Perfy does not add extra overhead to these functions -- but the builtin profiler does.
This can be validated by running Perfy with and without the builtin profiler enabled: it adds 11% overhead to this function.
For other functions such as stringFromTimer
or AnimateEnlarge
it only adds 3% and 5% respectively.
This means it's not Perfy that is wrong here but the builtin profiler.
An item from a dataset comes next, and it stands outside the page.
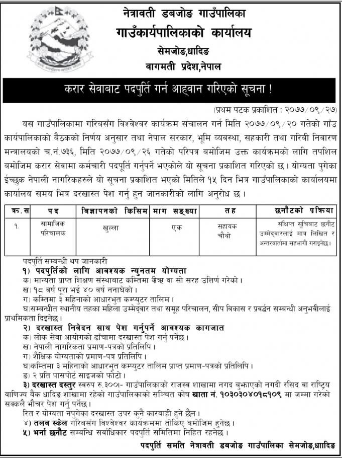 सामाजिक परिचालक करार सेवाबाट पदपुर्ति गर्न आह्वान गरिएकाे विज्ञापन सम्बन्धी सूचना ।
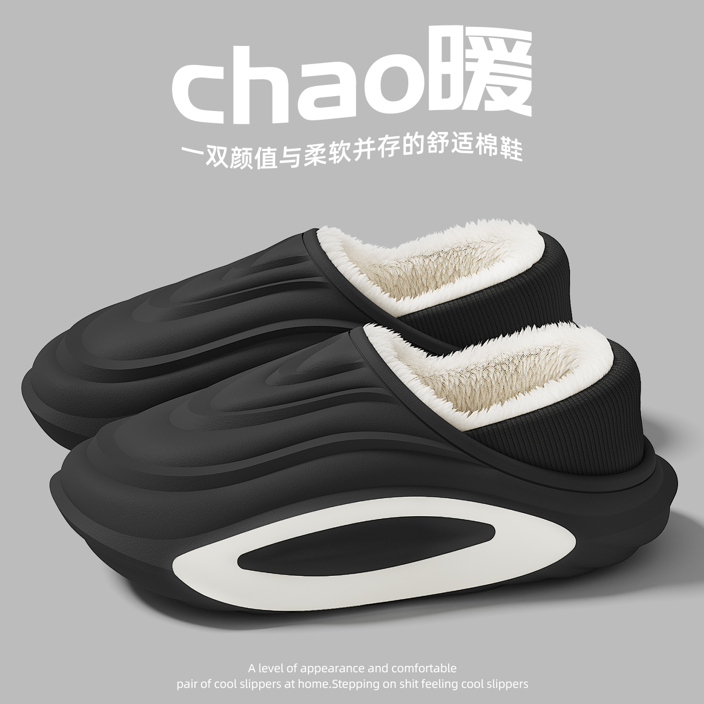 防水棉拖鞋男士冬季包跟外穿2025新款保暖室内居家毛绒加厚棉鞋男

Again, neither of these is perfect.
This is a simple leaf function that formats the remaining time into a human-readable format.
local function stringFromTimer(t)
if t <= DBT.Options.TDecimal then
return ("%.1f"):format(t)
elseif t <= 60 then
return ("%d"):format(t)
else
return ("%d:%0.2d"):format(t / 60, math.fmod(t, 60))
end
end
The problem here is are the tail calls to string.format
, the function is instrumented as follows:
local function stringFromTimer(t) Perfy_Trace(Perfy_GetTime(), "Enter", "stringFromTimer")
if t <= DBT.Options.TDecimal then
return Perfy_Trace_Leave("Leave", "stringFromTimer", ("%.1f"):format(t))
elseif t <= 60 then
return Perfy_Trace_Leave("Leave", "stringFromTimer", ("%d"):format(t))
else
return Perfy_Trace_Leave("Leave", "stringFromTimer", ("%d:%0.2d"):format(t / 60, math.fmod(t, 60)))
end
end
Perfy_Trace_Leave
wraps the original return expression and returns it again, that allows us to inject a tracepoint between the evaluation of the return expression and the actual return.
But unlike Perfy_Trace
at the beginning of the function it can't contain a call to Perfy_GetTime()
to determine when the return is happening -- this is instead done inside Perfy.
That means the time it takes to call into Perfy is incorrectly attributed to stringFromTimer
and cannot be subtracted by the analysis script.
stringFromTimer
has a discrepancy of 5520 µs vs. our reference, it is called 16010 times in the trace, so that's 0.345 µs of error per call.
Unfortunately I don't think this is fixable for the general case:
we would need to add the Perfy_GetTime()
call to the end of the expression list to make sure it is evaluated after all return expressions, but the last expression can return a vararg of unknown length, so we can't just add it.
I validated this by rewriting all return points in stringFromTimer
as follows
local res = (""):format(t)
Perfy_Trace(Perfy_GetTime(), "Leave", "stringFromTimer")
return res
Perfy now reports only 27175 µs of total time (it got faster) for this function and the builtin profiler reports 26588 µs (it got slower) when changing from a tail call to an intermediate variable. That's a discrepancy of only 2.2% and in line with other functions.
Overall it's pretty accurate, especially when looking at the big picture. Note how the error for functions with tail calls is only large when looking at the relative error of a small function. The absolute error is on the order of hundreds of nanoseconds per function call.